A powerful family of proteins found in many snake venoms, called snake venom metalloproteinases (SVMPs), depend on the metal ion zinc to induce their toxic effects in animals or people. SVMPs make up a large portion of the venom of a particularly dangerous genus of snakes called Echis, otherwise known as saw-scaled or carpet vipers. These snakes are very common in sub-Saharan Africa, the Middle East and India, and despite their small size are among the world’s deadliest snakes. This is not because their venom is the most potent or rapid, but because of how many bites they inflict. For example, E. ocellatus, a specific species of Echis, are found in high numbers in western sub-Saharan Africa and often in farmers’ fields. This unfortunately results in many unwitting farmers being bitten after accidentally stepping on or near these snakes. The quicker the snakebite victim can receive antivenom the higher their chances of survival, meaning that time is of the essence for them to get to hospital to receive treatment. Therefore, an oral therapeutic that could be taken shortly after a snakebite is received and that reduces the venom’s toxicity, thus buying them time to reach hospital, could save many lives.

  Sochurek’s saw-scaled viper (Echis carinatus sochureki), part of the Echis genus of snakes and one of the types of snakes housed at the CSRI. Photo by Dr Wolfgang Wüster.

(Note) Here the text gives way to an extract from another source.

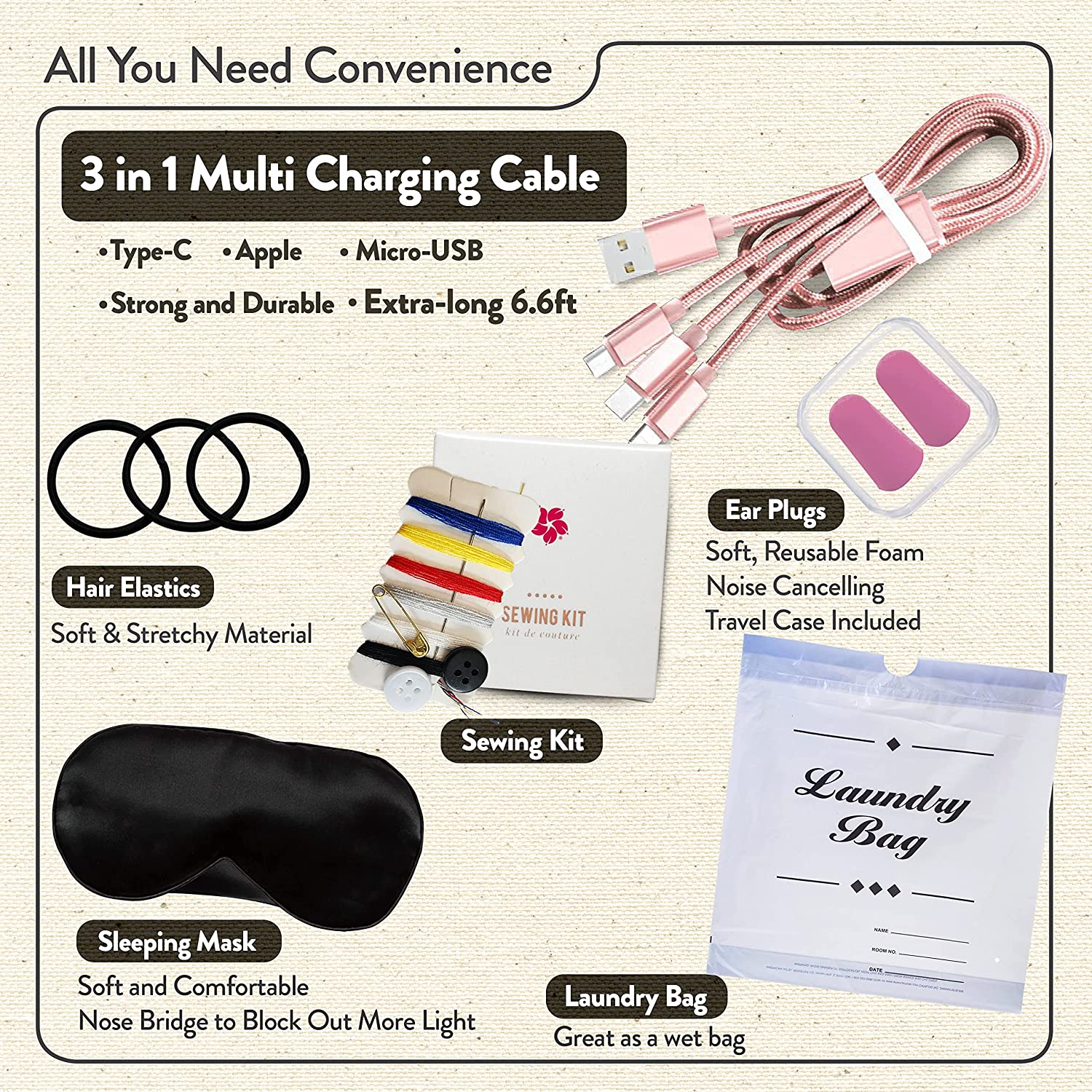 TSA COMPLIANT TRAVEL KIT INCLUDES: Large Capacity Toiletry Bag with Hanger, Extra Long (6.5 ft) Multi Phone Charger, Shampoo and Conditioner, Soap, Sponge, Body Lotion, Deodorant, Sleep Mask, Earplugs, Sanitizing Wipes, Bamboo Toothbrush, Toothpaste, Floss Picks, Makeup Remover Wipes, Laundry Bag, Sewing Kit, Cotton Pads, Q-tips, Nail File. Travel essentials and Travel-Size Toiletries for grooming, hygiene, oral care and comfort for women.

It has previously been suggested in the literature that if zinc were removed from the equation using chelation therapy, then perhaps venoms containing high levels of SVMPs would become less toxic. In preclinical studies, Dr Albulescu tested a number of potential chelation therapies for activity against Echis venoms, with the most promising one being DMPS. When given orally 15 minutes after envenomation (to mimic a person being bitten by a snake and then taking a tablet shortly afterwards), she found that DMPS saved 40% of E. ocellatus envenomed mice versus 0% survival in envenomed mice not given any treatment. In contrast, the antivenom treatment given 1 hour after envenomation (to mimic a snakebite victim receiving antivenom at a hospital after they are bitten) saved 60% of mice. Excitingly, when the mice were given DMPS orally 15 minutes after envenomation AND antivenom 1 hour after envenomation, survival was 100%! This is an incredible discovery that provides important proof-of-concept data that small molecule therapeutics given orally can reduce the lethality of snake venoms. In addition, because DMPS is currently used in humans with heavy metal poisoning, this means it has already passed all necessary clinical safety trials thereby making it much cheaper and quicker to study in human snakebite victims than if it was a ‘new chemical entity’ (the name used to describe a compound being tested as a drug but not yet approved as a drug). 

DMPS (orally, 15 minutes after envenomation) and antivenom (intravenously, 1 hour after envenomation) used together prevent mortality in all animals tested. DMPS alone prevented mortality in 40% and antivenom alone in 60%. Figure reproduced from bioRxiv preprint (2019) of the article 3.

One of our ultimate goals at the CSRI is to make the treatment of snakebite as simple, quick, and affordable as possible, such that a victim could obtain a tablet from a local dispensary within minutes of being bitten. The discovery that orally administered DMPS can reduce Echis venom toxicity in vivo is the first exciting step in reaching this ambitious target. Next, we will have to demonstrate whether oral treatment with DMPS can help snakebite victims clinically. If it is found to be successful in people, oral treatment with DMPS has the potential to truly revolutionize how we treat snakebite. 






1. Harrison, R. A., Hargreaves, A., Wagstaff, S. C., Faragher, B. & Lalloo, D. G. Snake envenoming: A disease of poverty. PLoS Negl. Trop. Dis. 3, e569 (2009).
2. Albulescu, L.-O. et al. Preclinical validation of a repurposed metal chelator as a community-based therapeutic for hemotoxic snakebite. Sci. Transl. Med. 12, eaay8314 (2020).
3. Albulescu, L.-O. et al. Preclinical validation of a repurposed metal chelator as a community-based therapeutic for hemotoxic snakebite. bioRxiv (2019) doi:10.1101/717280.